Top of INFORMATION GIVEN

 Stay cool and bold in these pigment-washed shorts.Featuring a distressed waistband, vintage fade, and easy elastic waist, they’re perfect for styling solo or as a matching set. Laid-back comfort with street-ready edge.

Bottom of INFORMATION GIVEN
Top of INFORMATION GIVEN

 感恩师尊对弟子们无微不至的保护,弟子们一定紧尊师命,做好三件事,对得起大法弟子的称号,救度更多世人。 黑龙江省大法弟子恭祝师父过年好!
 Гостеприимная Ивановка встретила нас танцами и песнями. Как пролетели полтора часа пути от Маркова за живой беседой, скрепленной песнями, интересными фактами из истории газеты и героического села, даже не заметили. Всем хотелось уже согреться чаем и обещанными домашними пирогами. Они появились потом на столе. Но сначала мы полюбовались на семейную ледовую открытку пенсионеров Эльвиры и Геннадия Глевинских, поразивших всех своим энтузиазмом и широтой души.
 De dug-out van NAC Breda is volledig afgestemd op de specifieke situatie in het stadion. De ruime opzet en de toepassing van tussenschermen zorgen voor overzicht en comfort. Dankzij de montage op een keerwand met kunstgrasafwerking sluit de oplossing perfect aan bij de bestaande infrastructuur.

Bottom of INFORMATION GIVEN

▶ **REQUIREMENT**
Give back, word for word, only the lines above from the line holding "感恩师尊对弟子们无微不至的保" to the line holding "De dug-out van", both included.

▶ **EXERCISE RESULT**
 感恩师尊对弟子们无微不至的保护,弟子们一定紧尊师命,做好三件事,对得起大法弟子的称号,救度更多世人。 黑龙江省大法弟子恭祝师父过年好!
 Гостеприимная Ивановка встретила нас танцами и песнями. Как пролетели полтора часа пути от Маркова за живой беседой, скрепленной песнями, интересными фактами из истории газеты и героического села, даже не заметили. Всем хотелось уже согреться чаем и обещанными домашними пирогами. Они появились потом на столе. Но сначала мы полюбовались на семейную ледовую открытку пенсионеров Эльвиры и Геннадия Глевинских, поразивших всех своим энтузиазмом и широтой души.
 De dug-out van NAC Breda is volledig afgestemd op de specifieke situatie in het stadion. De ruime opzet en de toepassing van tussenschermen zorgen voor overzicht en comfort. Dankzij de montage op een keerwand met kunstgrasafwerking sluit de oplossing perfect aan bij de bestaande infrastructuur.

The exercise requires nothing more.